▸ **Given material**
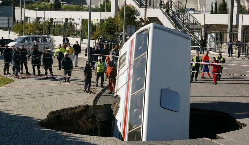 Em Lisboa, decorria o ano de 2003, um outro fenómeno, desta vez provocado por uma rutura do caneiro de Alcantra, na zona de Campolide, gerou um enorme buraco, com cerca de sete metros de diâmetro e 20 de profundidade, que "engoliu", literalmente, um autocarro.
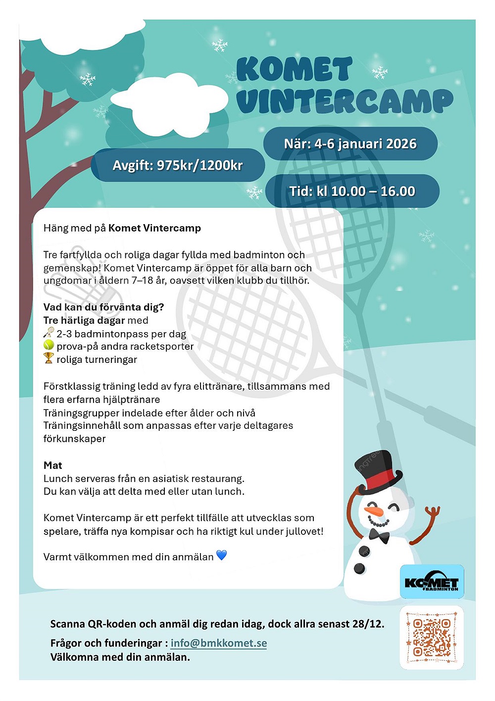 - Inbjudan till Komet Vintercamp 4-6 januari 2026.
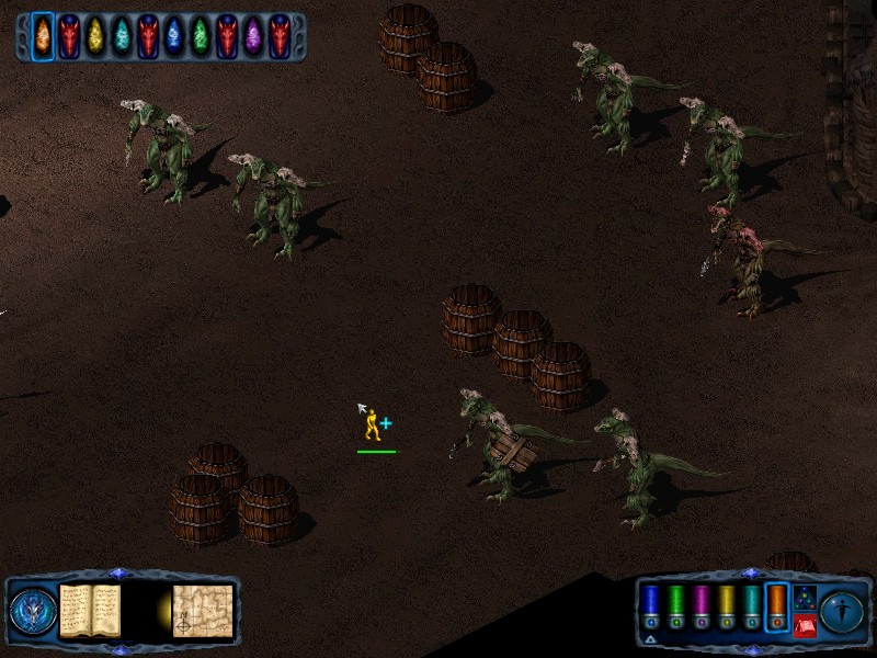 Follow the SE passage from there and you will find a door in the north wall. In the room beyond, the door east requires the brewer's key. You won't get the brewer's key for a while yet, it's back west, south past the channel of earthborn wind again, before turning east once you are beyond the door. You will quickly stumble across more lizardfolk, this time the group consists of 3 scavengers, 2 normal lizardfolk, a faith healer and a taskmaster. |
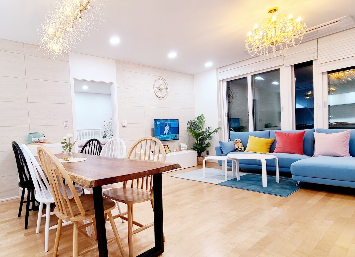 Experimente un descanso completo en Jeju en un amplio espacio de dos pisos construido en la playa de Samyang, cerca del centro de Jeju. Es un buen lugar para divertirse con los niños, ya que está cerca de la playa Samyang Black Sand, que es un paraíso del surf, y el parque acuático Yongcheonsu, Shandori Mul. Además, hay muchas instalaciones, cafés y restaurantes en los alrededores, por lo que es un alojamiento conveniente para viajes de negocios o viajes de golf. En especial, si vienes a Jeju para un viaje de golf, ponte en contacto con nosotros con antelación y te reservaremos un campo de golf maravilloso a un precio de residente de Jeju o recomendado por el personal. * Hay un sauna de mar cerca de la propiedad. ^^ Si tiene previsto utilizarlo con antelación, por favor, comuníquenoslo. Le daremos un billete gratis. El espacio que ocupan los huéspedes es todo el segundo piso. Al entrar, dirás "¡Guau! ¡Es más espacioso que en la foto!" Las palabras saldrán solas. Aunque solo han pasado unos pocos años desde que se construyó, la decoración es tan nueva que parece una casa completamente nueva.. Disfrute de Jeju en una espaciosa casa de dos pisos en la playa de Samyang. ^^

▸ **Aim of the task**
Your answer should consist of the lines above between those holding "- Inbjudan till" and "Follow the SE", inclusive, reproduced word for word and without pictures.

▸ **Answer**
 - Inbjudan till Komet Vintercamp 4-6 januari 2026.
 Follow the SE passage from there and you will find a door in the north wall. In the room beyond, the door east requires the brewer's key. You won't get the brewer's key for a while yet, it's back west, south past the channel of earthborn wind again, before turning east once you are beyond the door. You will quickly stumble across more lizardfolk, this time the group consists of 3 scavengers, 2 normal lizardfolk, a faith healer and a taskmaster. |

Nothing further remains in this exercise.